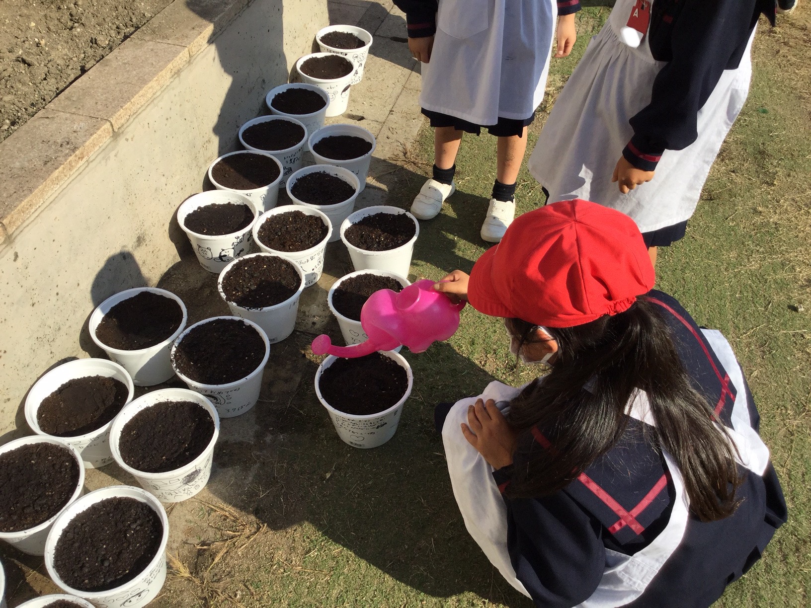 1年生は、生活科の授業でスカシユリを育てようとしています。
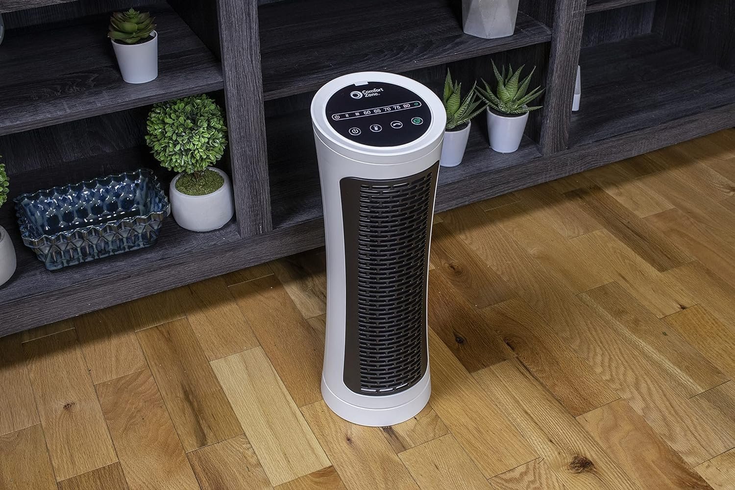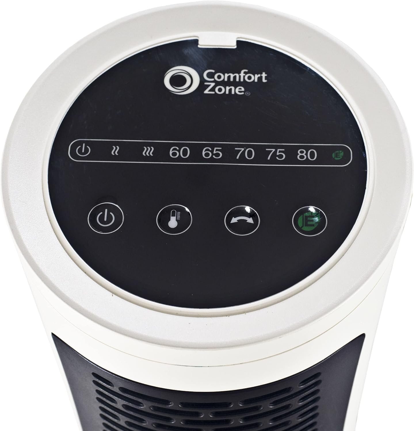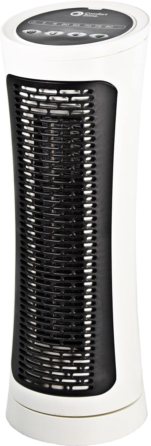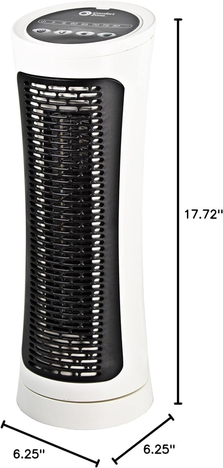 Comfortably heat up rooms in your home with this Energy Save Comfort Zone portable mini tower. With its powerful ceramic heating elements and 2 heat settings, this mini tower heater will keep your room the ideal temperature for your needs. There’s also a fan-only setting, so you can keep your room comfortable in all seasons. Featuring new Energy Save Technology, this portable heater helps save you energy and reduces heating costs, while on the energy save setting. This new setting works to maintain a comfortable temperature in your space, using 30% less energy than a typical heater. Rather than raise the heat throughout your home, simply use this energy-efficient ceramic tower heater in the room that you are in and save on overall heating costs. Recommended for use in medium-sized rooms, this tower heater features a wide, 80-degree oscillation range, distributing heat evenly throughout the room for maximum comfort. This tower heater comes equipped with an advanced safety system that includes an overheat protection sensor that prevents it from getting too hot, a stay-cool body with molded handle and a safety tip-over switch that cuts power if your heater is accidentally knocked over. With its compact size and molded handle, it’s easy to carry from room to room, wherever extra heat is needed.
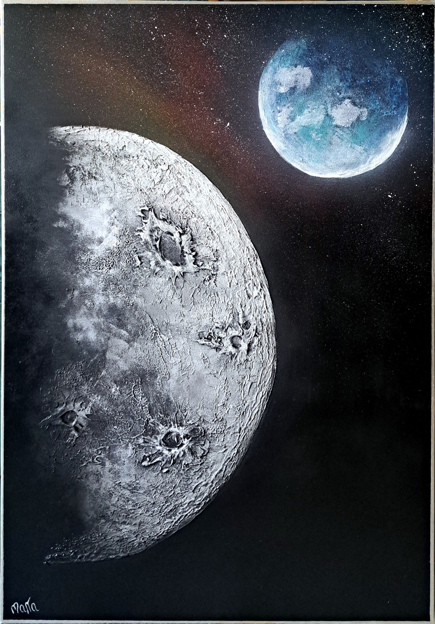 Tworzę obrazy strukturalne, dające efekt 3D, wykorzystuję również płynną farbę, kreując dynamiczne, nieoczywiste formy.
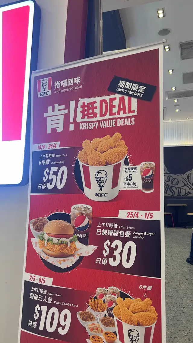 今日行街經過見到KFC門口拉咗呢個海報!OMG又係我最期待嘅優惠桶餐啦因為耐不耐就有鋪癮好想食煎炸嘢或者好想食甜嘢最近就係好想食煎炸嘢啦!今日瞓醒覺趕住出門口咩都冇食直至到差不多,下晝兩三點先有時間一個人叫左$50/6件雞桶餐另外加咗杯凍檸茶坐低堂食慢慢嘆雖然都好多人見到好多公公婆婆同埋學生都叫呢個餐但係上餐速度都好快俾完錢都唔使3分鐘就已經拎到個餐啦皮脆肉嫩又多肉汁見到呢個紙杯蓋就知道KFC已經實行走塑啦所以而家去到KFC都冇膠手套派啦唯有用多幾張紙巾抹手,或者直接去洗手啦…Read More
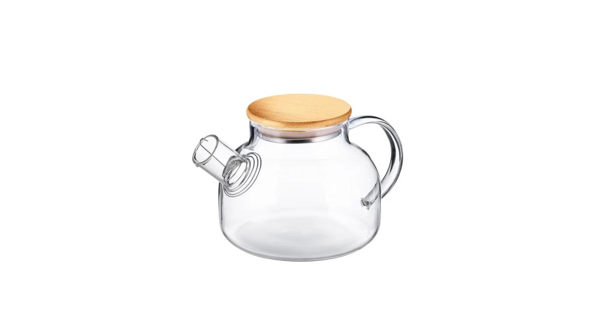 Чайник  850 мл. заварочный крышка бамбук, Термостекло /1/12/
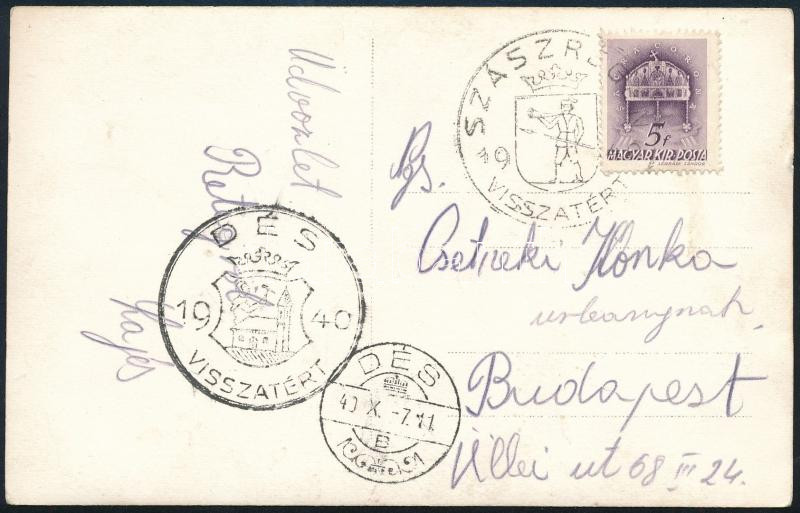 1940 Képeslap "SZÁSZRÉGEN VISSZATÉRT" és "DÉS VISSZATÉRT" bélyegzésekkel
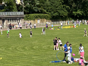 Am 12.06.2025 haben alle Kinder der Heinickeschule auf der Schillerwiese ein Sportfest gefeiert. Bei herrlichem warmen und sonnigen Wetter konnten sich alle Kinder in den Sportdisziplinen Werfen, Springen und Laufen messen. Außerdem durften die Kinder sich an vielen anderen Sportstationen ausprobieren und ihre sportlichen Fähigkeiten verbessern. Es wurde über Hürden gesprungen, im Slalom gelaufen, mit Teppichfliesen eine Strecke zurückgelegt oder mit Bällen auf ein Ziel geworfen.
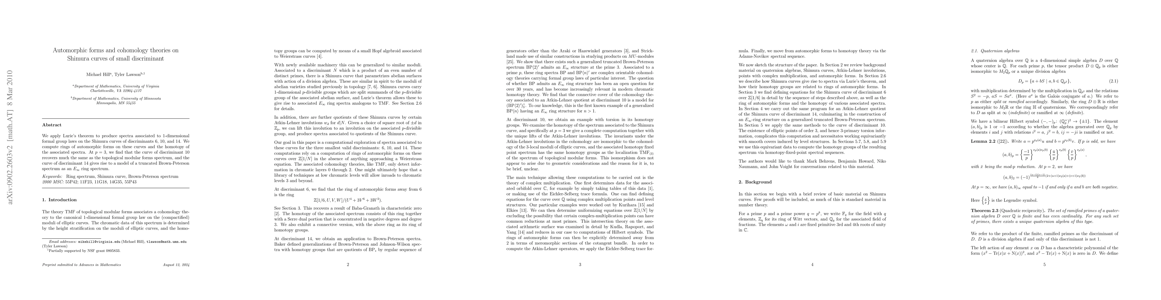 This research paper computes homotopy groups of spectra linked to Shimura curves of small discriminants (6, 10, 14) using integral rings of automorphic forms. A key finding is that a generalized truncated Brown-Peterson spectrum BP<2> behaves as an E_infty ring spectrum at the prime 3.
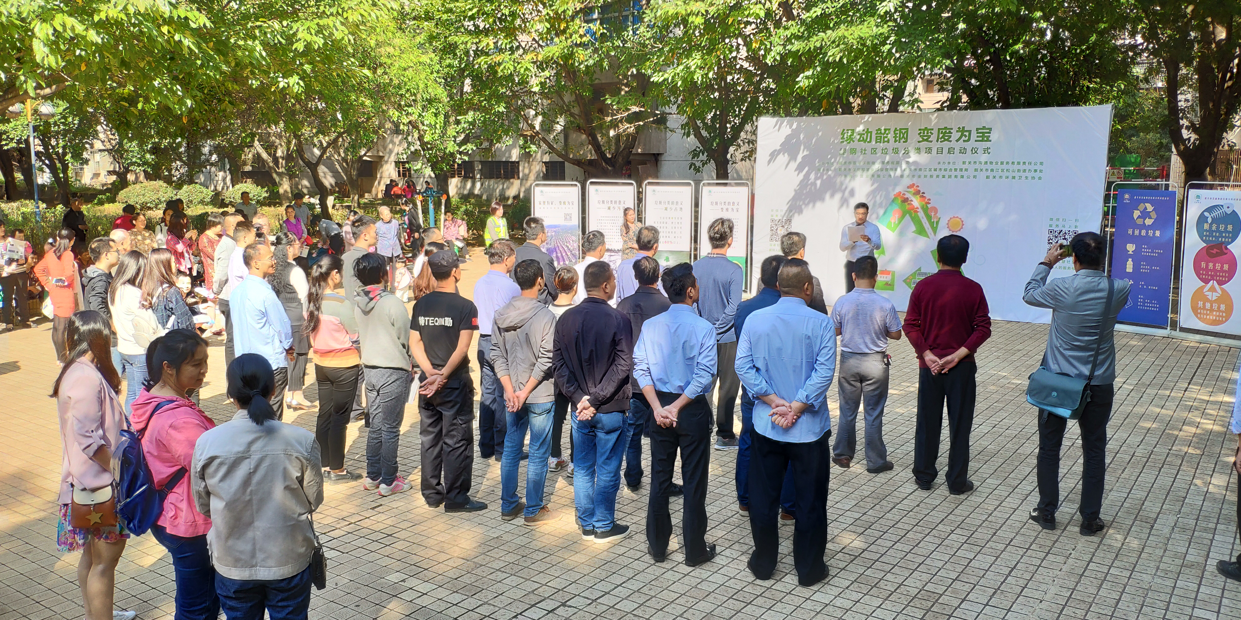 為加強社區(qū)垃圾分類宣傳和推廣,提高生活垃圾處置水平,實現(xiàn)生活垃圾減量化、資源化和無害化處理,營造優(yōu)美的生活、居住環(huán)境,10月28日,百年東街物業(yè)服務有限公司在韶鋼紅旗區(qū)健身公園舉行主題為“綠動韶鋼·變廢為寶”垃圾分類項目啟動儀式。金投集團、東街物業(yè)公司、溝通物業(yè)公司負責人以及韶關市、曲江區(qū)、松山街道辦事處等有關領導,東街物業(yè)公司韶鋼項目工作人員和社區(qū)居民代表共30余人參加了活動。
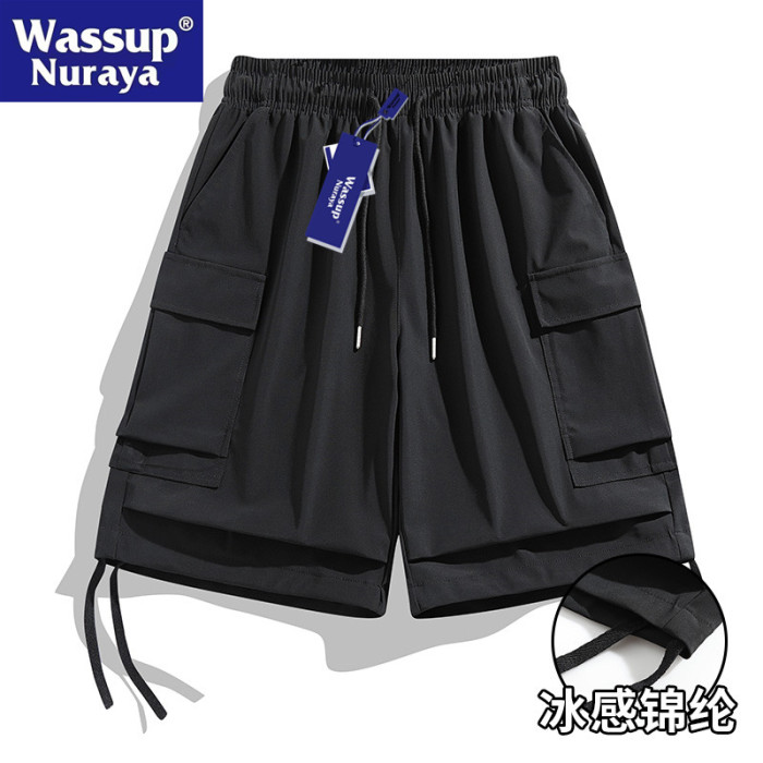 WASSUP Nuraya潮牌冰絲運動短褲男夏季速乾健身休閒五分沙灘褲男
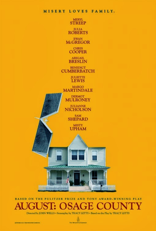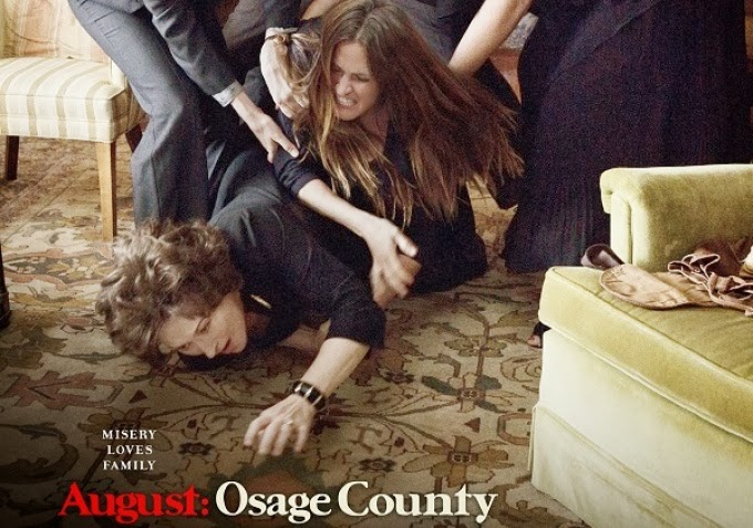 Violet Weston is one acid-tongue angry old lady who misses nothing that goes on in her family and she insures that none of her nearest and dearest escape her unbridled wrath. Well, her husband Beverley and alcoholic and rather melancholic poet does, but his method is quite extreme as he disappears out of the blue, and then the police locate his body after he has taken his own life.His funeral is the reason that the entire dysfunctional family have turned up in this large rambling house set in the plains of Oklahoma in the fierce summer heat. Violet has cancer and uses a hideous black wig to hide the results of the chemo treatment, but it is also her cover to indulge in her drug addiction. In fact there is a rarely a moment in this drama when she isn’t popping both pills and cigarettes in her mouth, even at meal times.
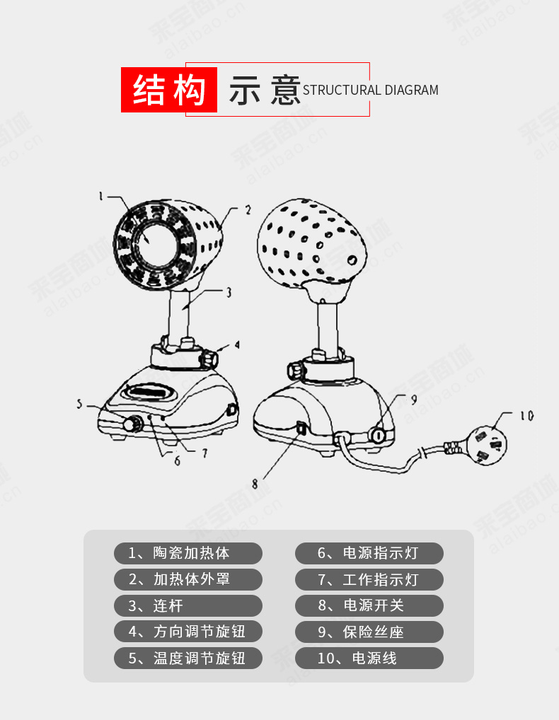 加热器可在120度范围内任意调节角度;
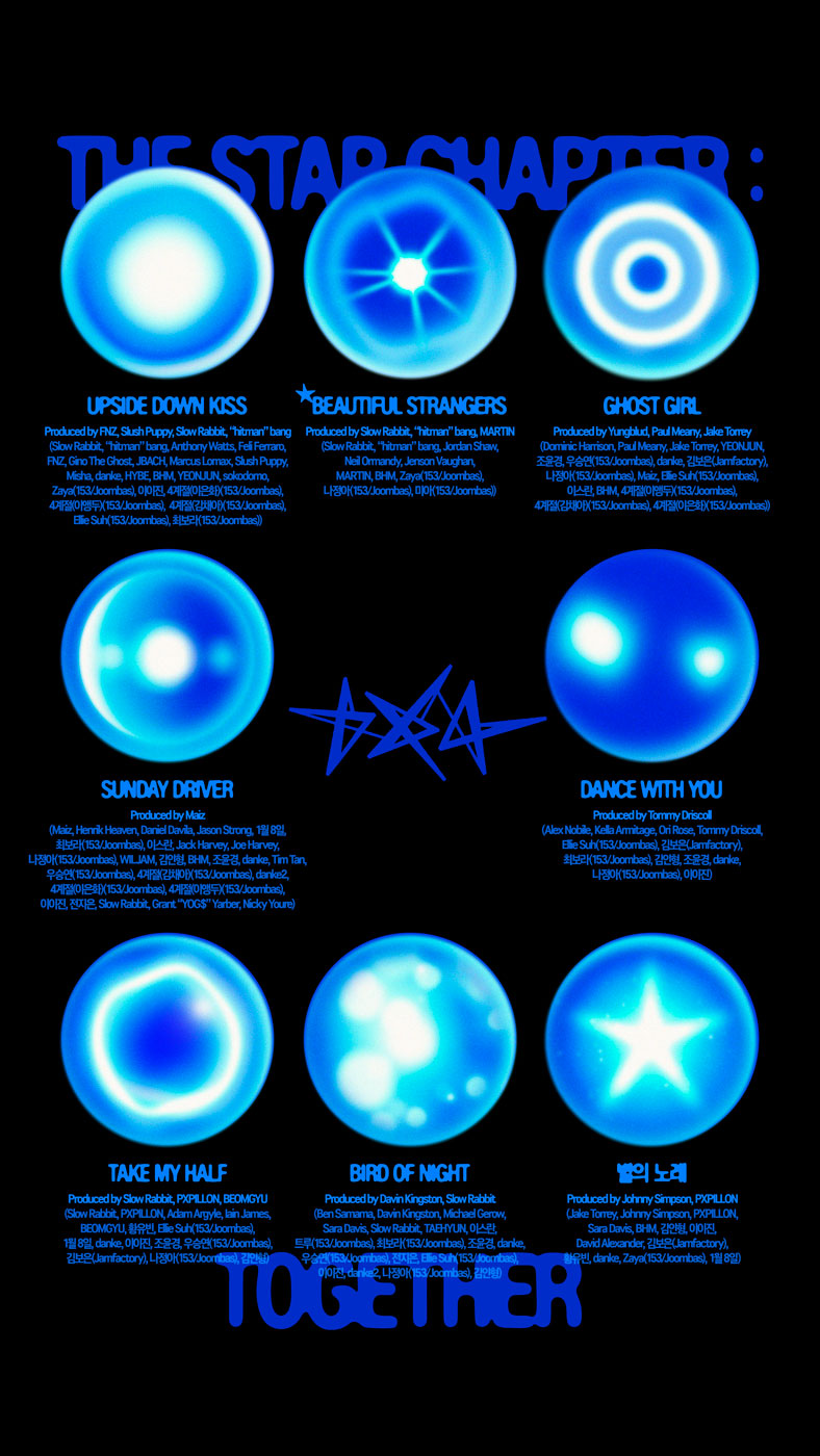 Además de “Beautiful Strangers”, The Star Chapter: TOGETHER presenta una diversa colección de canciones que reflejan el crecimiento artístico y la versatilidad de la banda. Los miembros contribuyeron activamente a la creación del álbum, aportando profundidad y autenticidad a cada canción. YEONJUN participó en la letra de “Upside Down Kiss” y “Ghost Girl”, BEOMGYU demostró su destreza como productor con “Take My Half”, y TAEHYUN contribuyó a la letra y composición de “Bird of Night”, canalizando con maestría las delicadas emociones en la música.

========

What you should do
A precise copy of each record, with the images removed, should be output.

Exercise output
 1年生は、生活科の授業でスカシユリを育てようとしています。
 Comfortably heat up rooms in your home with this Energy Save Comfort Zone portable mini tower. With its powerful ceramic heating elements and 2 heat settings, this mini tower heater will keep your room the ideal temperature for your needs. There’s also a fan-only setting, so you can keep your room comfortable in all seasons. Featuring new Energy Save Technology, this portable heater helps save you energy and reduces heating costs, while on the energy save setting. This new setting works to maintain a comfortable temperature in your space, using 30% less energy than a typical heater. Rather than raise the heat throughout your home, simply use this energy-efficient ceramic tower heater in the room that you are in and save on overall heating costs. Recommended for use in medium-sized rooms, this tower heater features a wide, 80-degree oscillation range, distributing heat evenly throughout the room for maximum comfort. This tower heater comes equipped with an advanced safety system that includes an overheat protection sensor that prevents it from getting too hot, a stay-cool body with molded handle and a safety tip-over switch that cuts power if your heater is accidentally knocked over. With its compact size and molded handle, it’s easy to carry from room to room, wherever extra heat is needed.
 Tworzę obrazy strukturalne, dające efekt 3D, wykorzystuję również płynną farbę, kreując dynamiczne, nieoczywiste formy.
 今日行街經過見到KFC門口拉咗呢個海報!OMG又係我最期待嘅優惠桶餐啦因為耐不耐就有鋪癮好想食煎炸嘢或者好想食甜嘢最近就係好想食煎炸嘢啦!今日瞓醒覺趕住出門口咩都冇食直至到差不多,下晝兩三點先有時間一個人叫左$50/6件雞桶餐另外加咗杯凍檸茶坐低堂食慢慢嘆雖然都好多人見到好多公公婆婆同埋學生都叫呢個餐但係上餐速度都好快俾完錢都唔使3分鐘就已經拎到個餐啦皮脆肉嫩又多肉汁見到呢個紙杯蓋就知道KFC已經實行走塑啦所以而家去到KFC都冇膠手套派啦唯有用多幾張紙巾抹手,或者直接去洗手啦…Read More
 Чайник  850 мл. заварочный крышка бамбук, Термостекло /1/12/
 1940 Képeslap "SZÁSZRÉGEN VISSZATÉRT" és "DÉS VISSZATÉRT" bélyegzésekkel
 Am 12.06.2025 haben alle Kinder der Heinickeschule auf der Schillerwiese ein Sportfest gefeiert. Bei herrlichem warmen und sonnigen Wetter konnten sich alle Kinder in den Sportdisziplinen Werfen, Springen und Laufen messen. Außerdem durften die Kinder sich an vielen anderen Sportstationen ausprobieren und ihre sportlichen Fähigkeiten verbessern. Es wurde über Hürden gesprungen, im Slalom gelaufen, mit Teppichfliesen eine Strecke zurückgelegt oder mit Bällen auf ein Ziel geworfen.
 This research paper computes homotopy groups of spectra linked to Shimura curves of small discriminants (6, 10, 14) using integral rings of automorphic forms. A key finding is that a generalized truncated Brown-Peterson spectrum BP<2> behaves as an E_infty ring spectrum at the prime 3.
 為加強社區(qū)垃圾分類宣傳和推廣,提高生活垃圾處置水平,實現(xiàn)生活垃圾減量化、資源化和無害化處理,營造優(yōu)美的生活、居住環(huán)境,10月28日,百年東街物業(yè)服務有限公司在韶鋼紅旗區(qū)健身公園舉行主題為“綠動韶鋼·變廢為寶”垃圾分類項目啟動儀式。金投集團、東街物業(yè)公司、溝通物業(yè)公司負責人以及韶關市、曲江區(qū)、松山街道辦事處等有關領導,東街物業(yè)公司韶鋼項目工作人員和社區(qū)居民代表共30余人參加了活動。
 WASSUP Nuraya潮牌冰絲運動短褲男夏季速乾健身休閒五分沙灘褲男
 Violet Weston is one acid-tongue angry old lady who misses nothing that goes on in her family and she insures that none of her nearest and dearest escape her unbridled wrath. Well, her husband Beverley and alcoholic and rather melancholic poet does, but his method is quite extreme as he disappears out of the blue, and then the police locate his body after he has taken his own life.His funeral is the reason that the entire dysfunctional family have turned up in this large rambling house set in the plains of Oklahoma in the fierce summer heat. Violet has cancer and uses a hideous black wig to hide the results of the chemo treatment, but it is also her cover to indulge in her drug addiction. In fact there is a rarely a moment in this drama when she isn’t popping both pills and cigarettes in her mouth, even at meal times.
 加热器可在120度范围内任意调节角度;
 Además de “Beautiful Strangers”, The Star Chapter: TOGETHER presenta una diversa colección de canciones que reflejan el crecimiento artístico y la versatilidad de la banda. Los miembros contribuyeron activamente a la creación del álbum, aportando profundidad y autenticidad a cada canción. YEONJUN participó en la letra de “Upside Down Kiss” y “Ghost Girl”, BEOMGYU demostró su destreza como productor con “Take My Half”, y TAEHYUN contribuyó a la letra y composición de “Bird of Night”, canalizando con maestría las delicadas emociones en la música.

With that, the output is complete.